**WHAT YOU WILL DO**
All lines from the one that contains "Dès le début" to the end of the data must be retyped exactly. Pictures are not retyped.

[Collected data]
= Beginning of Section =
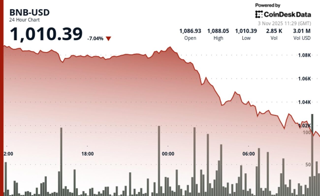 The breakdown occurred during a broader crypto market downturn, with BNB’s move possibly reflecting spillover effects from the decline.
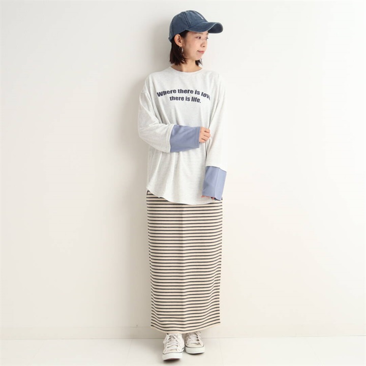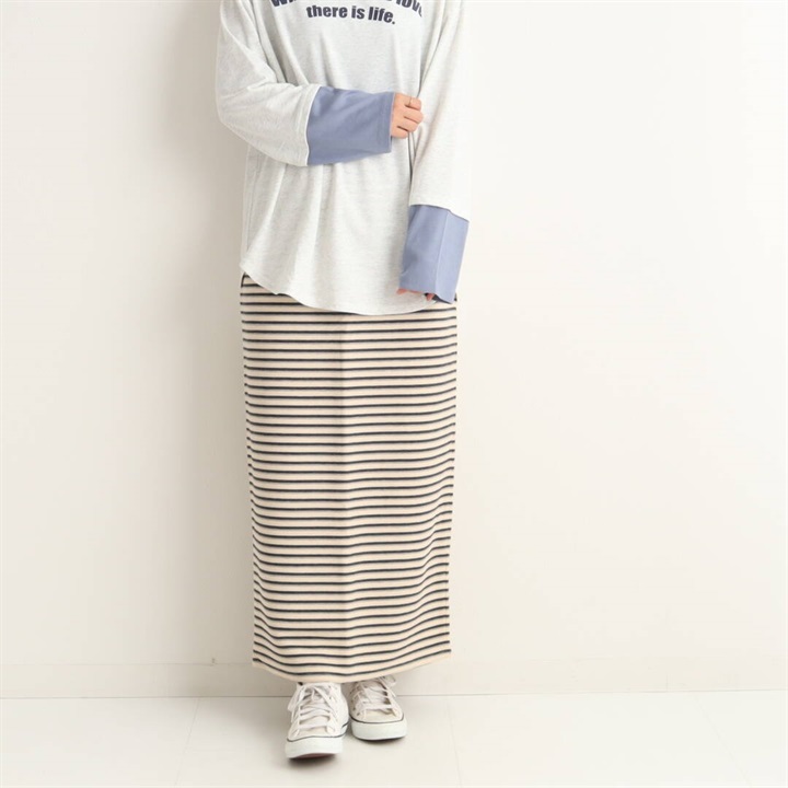 細かいピッチのボーダーナロースカート。ナローシルエットが上品な大人の女性らしさを演出。楽ちんな履き心地ながら、程よくタイトなラインが細見えするデザインです。ロング丈でも裾にスリットが入っているので、足さばきも◎スタイリングの主役になるアイテムです。
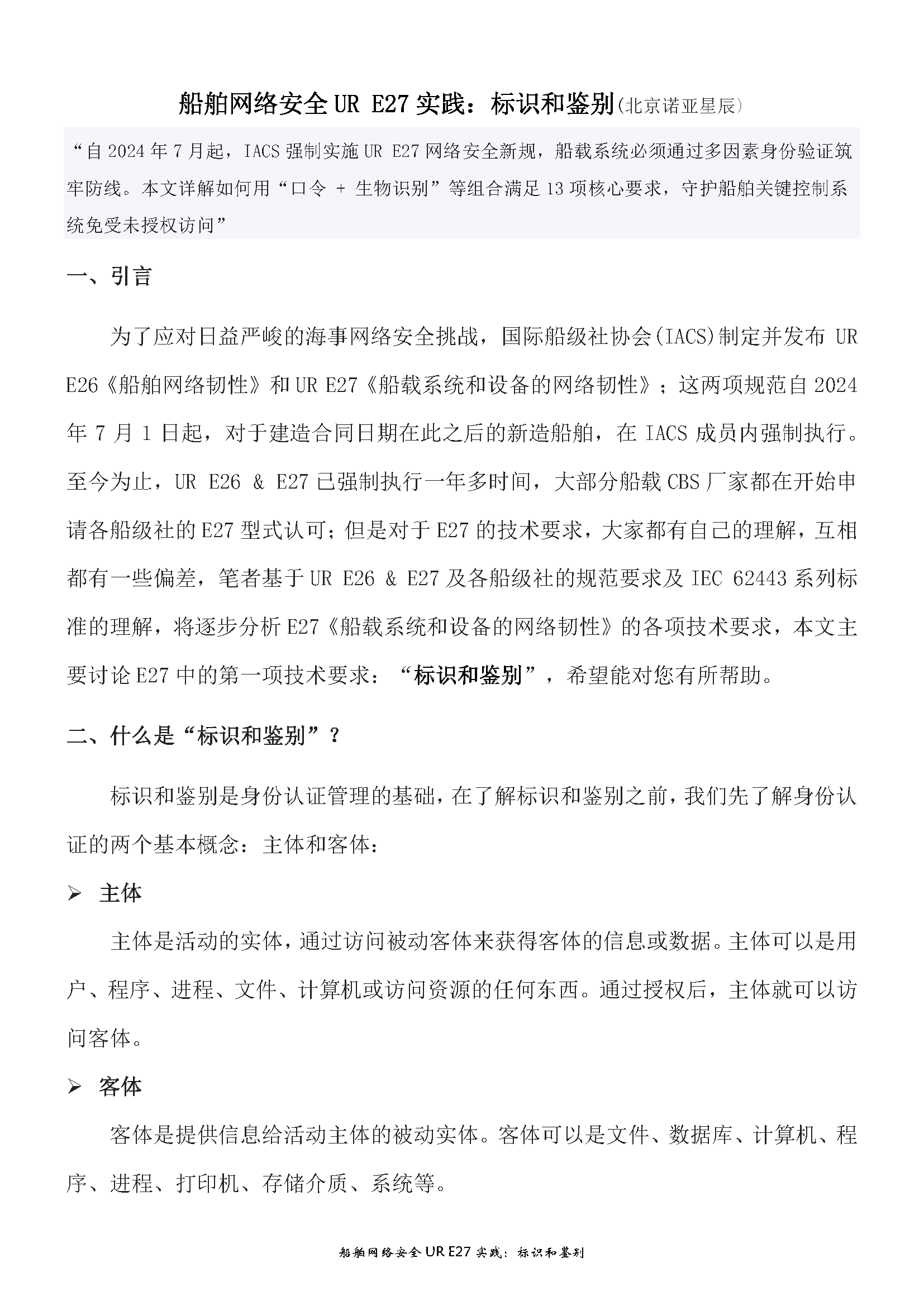 船舶网络安全UR E27实践:标识和鉴别
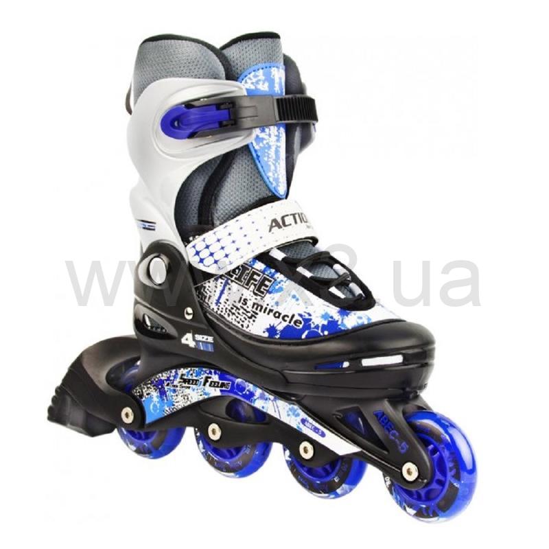 Action ZERO - набор, предназначенный для начинающих роллеров, отличный выбор для первых роликов. Дизайн модели выполнен в классических черном и светло-серых тонах с оригинальным синим принтом. Раздвижной внешний ботинок из полипропилена и мягкого нейлона надежно удерживает и защищает ногу от повреждений и возможных ударов. Быстрая система с одной кнопкой позволяет быстро отрегулировать размер в пределах 4-х доступных вариантов либо использовать коньки на вырост. Шнуровка ботинка укреплена ремешком-липучкой, а также двусторонней застежкой AUTO LOCK.
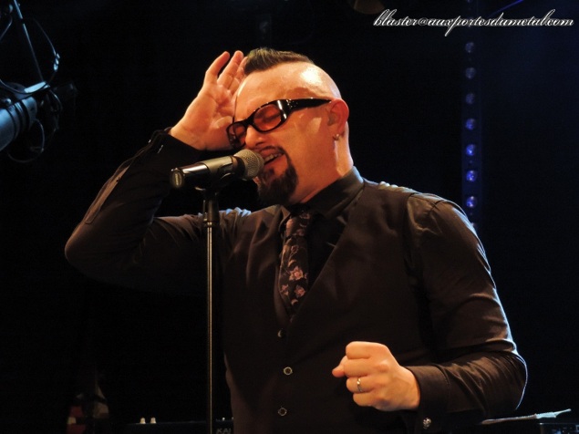 Dès le début du concert, le son est impeccable, le light show irréprochable. Le groupe est en place, carré, pro... Le mix fait la part belle à tous les instruments et ne pousse pas la voix de Tate trop en avant. Le leader a beau être la "star" du groupe, il n'écrase donc pas ses camarades de jeu... Humilité ou nécessité en raison d'une voix qui s'est dégradée et qu'il faut mieux garder à un niveau sonore raisonnable ? La question se pose mais, personnellement, je trouve que le monsieur ne s'en sort pas si mal. Il est même meilleur que dans mes souvenirs... Cependant, inutile de mentir, on le sait, Tate n'a plus la puissance, ni le grain de voix exceptionnel qu'il a eu par le passé. Il va avoir cinquante-sept ans le mois prochain et ses lignes de chant ne sont pas parmi les plus simples à reproduire sur scène (ne serait-ce qu'à cause de leur hauteur). Si l'on prend tout cela en compte, on peut faire preuve d'une certaine indulgence vis-à-vis du vocaliste. Alors soit, il se simplifie la vie, ne tient pas ses notes extrêmement longtemps, laisse le public ou ses collègues chanter certains passages plus ardus... mais il n'est pas mauvais. Et puis, c'est quand même Geoff Tate. Sa voix, bien que diminuée, reste assez unique en son genre... et le chanteur, même si on l'a connu plus impressionnant, conserve une certaine classe (le style vestimentaire "dandy" y est aussi pour quelque chose).
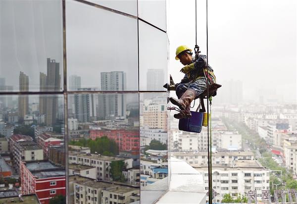 近日,一名“蜘蛛人”在中心城区一座大楼的外墙面认真作业,为城市的美丽和整洁贡献着自己的力量。 段继军 摄
= End of Section =
**TASK RESPONSE**
 Dès le début du concert, le son est impeccable, le light show irréprochable. Le groupe est en place, carré, pro... Le mix fait la part belle à tous les instruments et ne pousse pas la voix de Tate trop en avant. Le leader a beau être la "star" du groupe, il n'écrase donc pas ses camarades de jeu... Humilité ou nécessité en raison d'une voix qui s'est dégradée et qu'il faut mieux garder à un niveau sonore raisonnable ? La question se pose mais, personnellement, je trouve que le monsieur ne s'en sort pas si mal. Il est même meilleur que dans mes souvenirs... Cependant, inutile de mentir, on le sait, Tate n'a plus la puissance, ni le grain de voix exceptionnel qu'il a eu par le passé. Il va avoir cinquante-sept ans le mois prochain et ses lignes de chant ne sont pas parmi les plus simples à reproduire sur scène (ne serait-ce qu'à cause de leur hauteur). Si l'on prend tout cela en compte, on peut faire preuve d'une certaine indulgence vis-à-vis du vocaliste. Alors soit, il se simplifie la vie, ne tient pas ses notes extrêmement longtemps, laisse le public ou ses collègues chanter certains passages plus ardus... mais il n'est pas mauvais. Et puis, c'est quand même Geoff Tate. Sa voix, bien que diminuée, reste assez unique en son genre... et le chanteur, même si on l'a connu plus impressionnant, conserve une certaine classe (le style vestimentaire "dandy" y est aussi pour quelque chose).
 近日,一名“蜘蛛人”在中心城区一座大楼的外墙面认真作业,为城市的美丽和整洁贡献着自己的力量。 段继军 摄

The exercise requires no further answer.